Open alexcrichton opened 1 month ago
Thank you for this writeup! ❤️
This all looks great and makes sense to me, with one exception: I think it might make sense to start with something a bit more conservative instead of the compile
functionality. I was thinking about something that's actually if anything closer to dlopen
: the ability to say "give me a module based on this (to me) opaque identifier."
That way, hosts that don't want to expose compilation abilities can do so, and we could additionally provide a separate interface for doing actual compilation for environments where that makes sense.
That is of course very similar to your preopens
interface, but I think it's the for now better primitive to provide.
I'm thinking about something along these lines:
package wasi:module-loader;
interface loader {
enum error { /* ... */ }
load: func(id: string) -> result<module, error>;
// Optionally, we could add a way to get a list of known modules:
available-modules: func() -> list<string>;
}
the ability to say "give me a module based on this (to me) opaque identifier."
That's what the preopen API that Alex sketched is for.
FWIW I would bikeshed the name and suggest "precompiles" or something along those lines.
hosts that don't want to expose compilation abilities can do so
They can return an error instead of compiling anything, but we could always layer the compile
interface on top to extend this into a new world too.
Also, listing all pre-compiled modules might not be something we want to expose, since the pre-compiled modules could come from the network in a FaaS platform, and then we would have TOCTOU bugs. Better to just try and get it if we have it, otherwise fall back to the back up plan (either find the module on disk and compile it, or propagate an error).
They can return an error instead of compiling anything, but we could always layer the
compile
interface on top to extend this into a new world too.
The key thing is that JIT-compilation is a different, much more powerful capability, which I think should be explicitly targeted via its own interface that can be statically checked for, instead of dynamically returning an error. Content that can't be run in an environment that doesn't support this should be rejected pre-deployment, ideally.
Also, listing all pre-compiled modules might not be something we want to expose, since the pre-compiled modules could come from the network in a FaaS platform, and then we would have TOCTOU bugs. Better to just try and get it if we have it, otherwise fall back to the back up plan (either find the module on disk and compile it, or propagate an error).
That's a very good point, yes.
I'd be happy with just having the "have id, want module" interface and nothing else :)

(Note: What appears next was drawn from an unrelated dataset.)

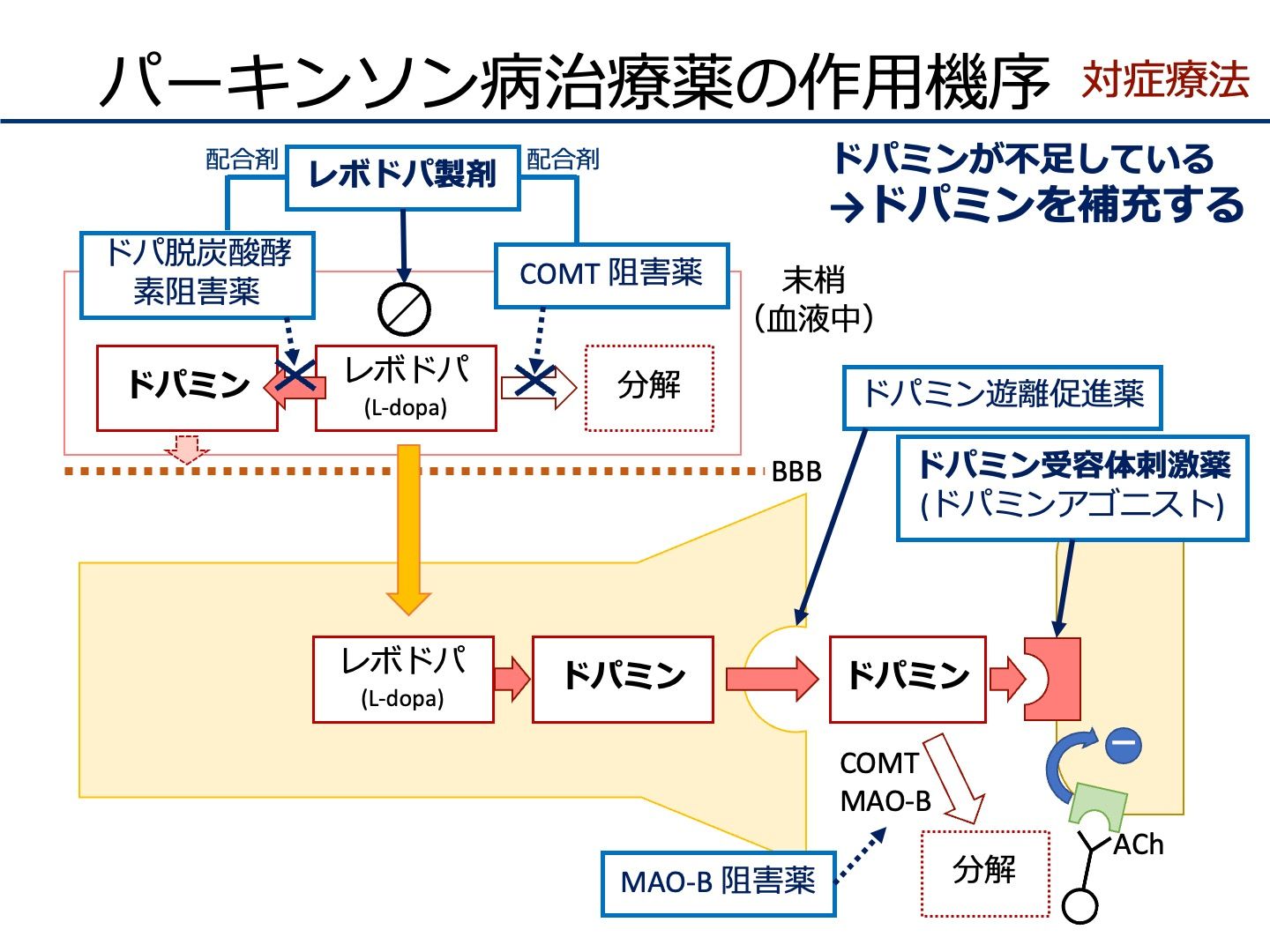 - L-ドパ(レボドパ)投与 → 血液脳関門を通過し中枢神経内でドパミンに変換 → ドパミン不足を補充
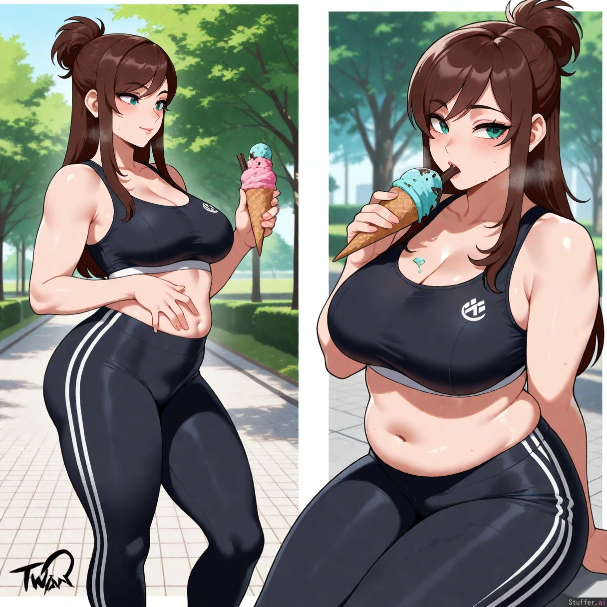 Masterpiece, best_quality, beautiful, vibrant colors, dim light, (1girl), alone, nyantcha(artist), Ema Skye, teal eyes, black sports bra, black running tights, eating chocolate ice cream cone, park, out of breath, sweating, panting, (overweight:1.3)

Ideally wasi-libc would have an optional import on "compile these bytes", but in lieu of that my thinking is that hosts would, by default, deny "compile these bytes" and you'd be able to opt-in on some hosts (e.g. the wasmtime
CLI). It's possible to make it so wasi-libc doesn't, by default, statically pull in the "compile these bytes" function but that would mean there would have to be a wasi-libc-specific API for "enable that" which would be another portability hazard
What I'm trying to convey is that I think these should be different interfaces, so they can be included in different worlds. Worlds that don't include the "compile some bytes for me" interface would be applicable much more broadly. So far at least we've treated packages, and certainly interfaces as an all-or-nothing thing instead of saying that it's okay to implement only parts of an interface and omit certain functions.
Regarding wasi-libc integration: would we even have the "compile some bytes for me" interface integrated into libc? What would that look like? It seems like loading a library based on an ID would map much more readily to dlopen?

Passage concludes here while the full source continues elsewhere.